Look to your left for a striking three-story brick building with tall arched windows and elegant iron balconies. In nineteen oh seven, the Vancouver Elks Lodge pooled their resources to purchase this corner lot for ninety five hundred dollars, a sum equal to over three hundred thousand dollars today. Much like the community crowdfunding that built the Evergreen Hotel we just saw, these fraternal brothers banded together to forge a grand sanctuary of their own, cementing a permanent stronghold in a rapidly shifting city.
They hired Portland architect Robert F. Tegan to design their temple, completed in nineteen eleven.
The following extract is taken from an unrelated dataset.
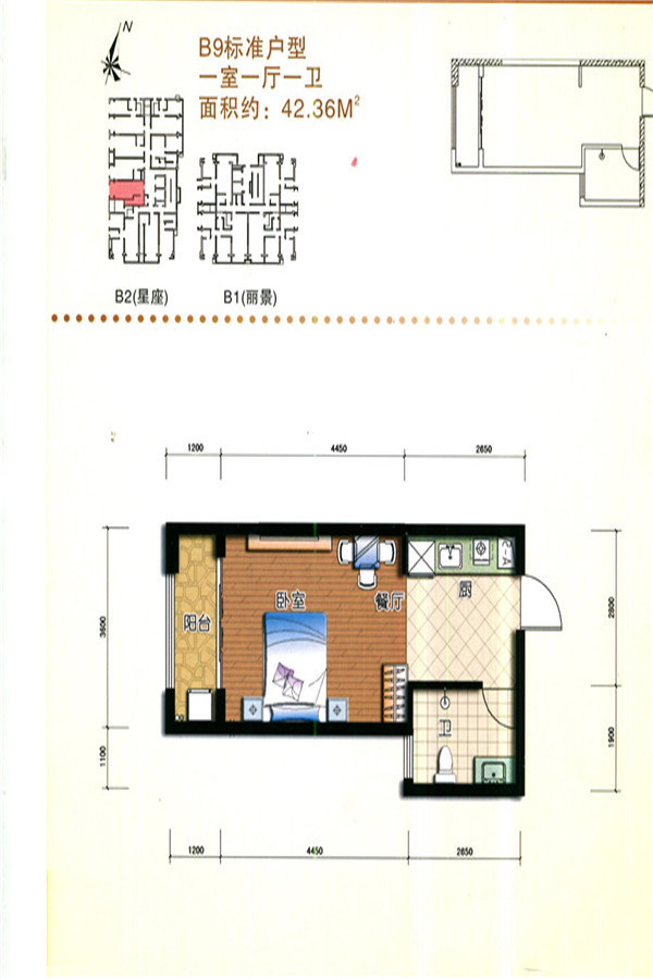 二期B栋标准层B9户型-1室1厅1卫1厨建筑面积42.36平米

Tegan's architectural ambition shines through the ornate brickwork and Mission Revival style, an aesthetic inspired by old Spanish colonial missions, which served as a bold symbol of the city's growing prestige. Tegan was an Elk himself, and quite the local celebrity, once making headlines for a grueling forty two hundred mile road trip to Mexico. His personal life was rockier, however. He divorced his wife Winifred in nineteen twenty and abruptly abandoned the Pacific Northwest for San Francisco.
Still, his masterpiece endured. This was once the tallest building in downtown Vancouver! The lodge leased the ground floor to shops while reserving the upper floors for billiards, card rooms, and massive civic gatherings. They cultivated deep patriotism here, launching elaborate honor guard ceremonies for Flag Day. Eventually, as membership dwindled, the overwhelming financial weight of the massive structure forced them to sell in nineteen seventy three. Today, it survives as the last fraternal lodge building downtown, preserving the memory of a brotherhood that fought to build a lasting civic anchor.
Keep an eye out for the fascinating Art Deco building nearby, and then let us continue our four minute walk to the Vancouver Telephone Building.